__Your objective__
In the records below, reproduce exactly the lines from the one containing "F. W. Barthold: Geschichte" through the one containing "Kombinasi Modul Sofa", both included, and omit the pictures.

__Provided data__
■ ■ ■
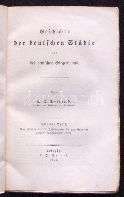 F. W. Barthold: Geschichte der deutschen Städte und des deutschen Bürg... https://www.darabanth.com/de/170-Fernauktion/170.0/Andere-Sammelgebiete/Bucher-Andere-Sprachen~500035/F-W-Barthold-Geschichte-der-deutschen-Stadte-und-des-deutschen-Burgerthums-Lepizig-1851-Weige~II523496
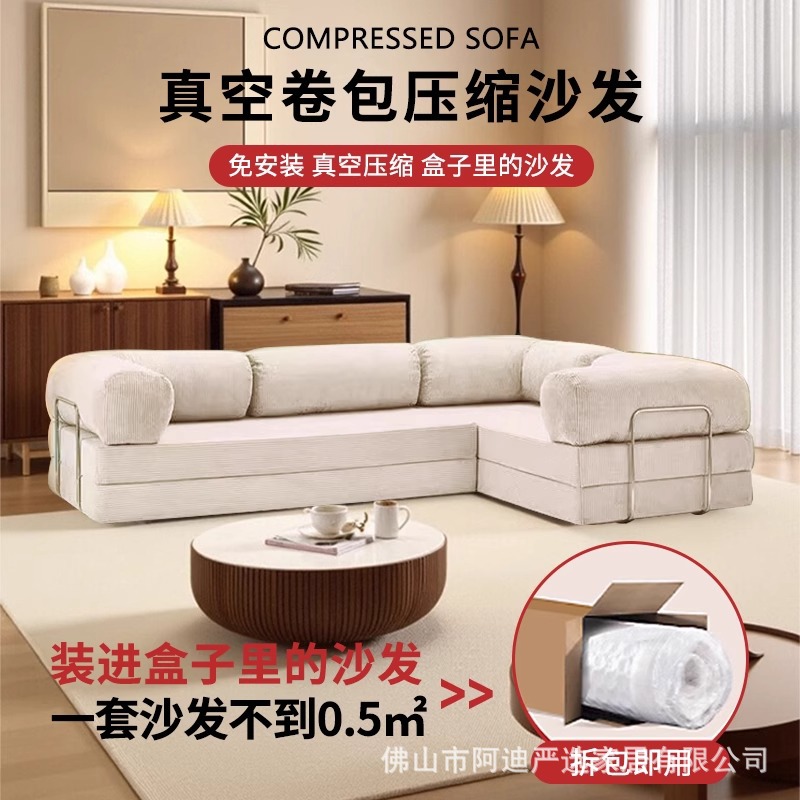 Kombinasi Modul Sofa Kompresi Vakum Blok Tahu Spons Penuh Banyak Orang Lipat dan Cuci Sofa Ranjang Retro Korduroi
■ ■ ■
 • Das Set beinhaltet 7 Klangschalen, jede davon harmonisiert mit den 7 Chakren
■ ■ ■
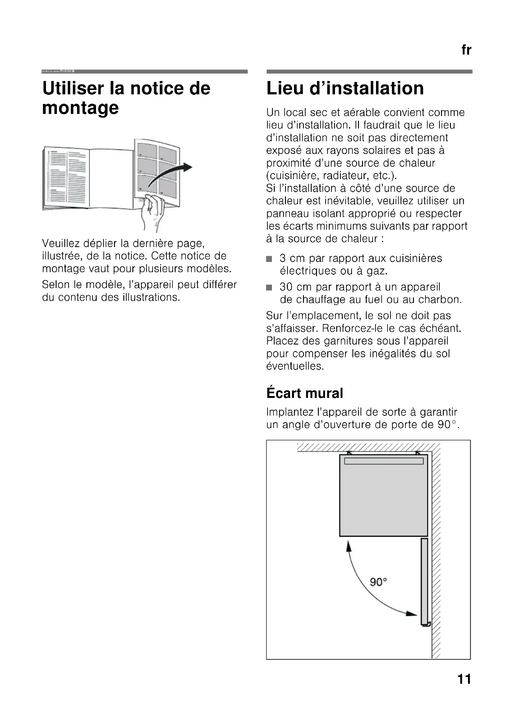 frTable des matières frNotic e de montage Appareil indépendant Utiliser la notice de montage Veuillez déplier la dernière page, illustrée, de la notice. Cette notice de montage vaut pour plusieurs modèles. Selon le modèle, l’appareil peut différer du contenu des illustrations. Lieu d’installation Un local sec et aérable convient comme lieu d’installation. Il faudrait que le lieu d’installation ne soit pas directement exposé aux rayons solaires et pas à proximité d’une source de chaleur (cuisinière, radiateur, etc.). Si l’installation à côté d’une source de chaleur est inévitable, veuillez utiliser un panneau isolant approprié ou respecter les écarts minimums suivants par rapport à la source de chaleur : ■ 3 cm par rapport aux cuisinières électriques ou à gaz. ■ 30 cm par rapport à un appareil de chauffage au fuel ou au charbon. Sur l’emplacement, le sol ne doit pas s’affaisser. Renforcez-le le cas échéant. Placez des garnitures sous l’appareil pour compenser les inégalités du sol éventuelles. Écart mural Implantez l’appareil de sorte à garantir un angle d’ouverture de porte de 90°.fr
■ ■ ■
__Your response__
 F. W. Barthold: Geschichte der deutschen Städte und des deutschen Bürg... https://www.darabanth.com/de/170-Fernauktion/170.0/Andere-Sammelgebiete/Bucher-Andere-Sprachen~500035/F-W-Barthold-Geschichte-der-deutschen-Stadte-und-des-deutschen-Burgerthums-Lepizig-1851-Weige~II523496
 Kombinasi Modul Sofa Kompresi Vakum Blok Tahu Spons Penuh Banyak Orang Lipat dan Cuci Sofa Ranjang Retro Korduroi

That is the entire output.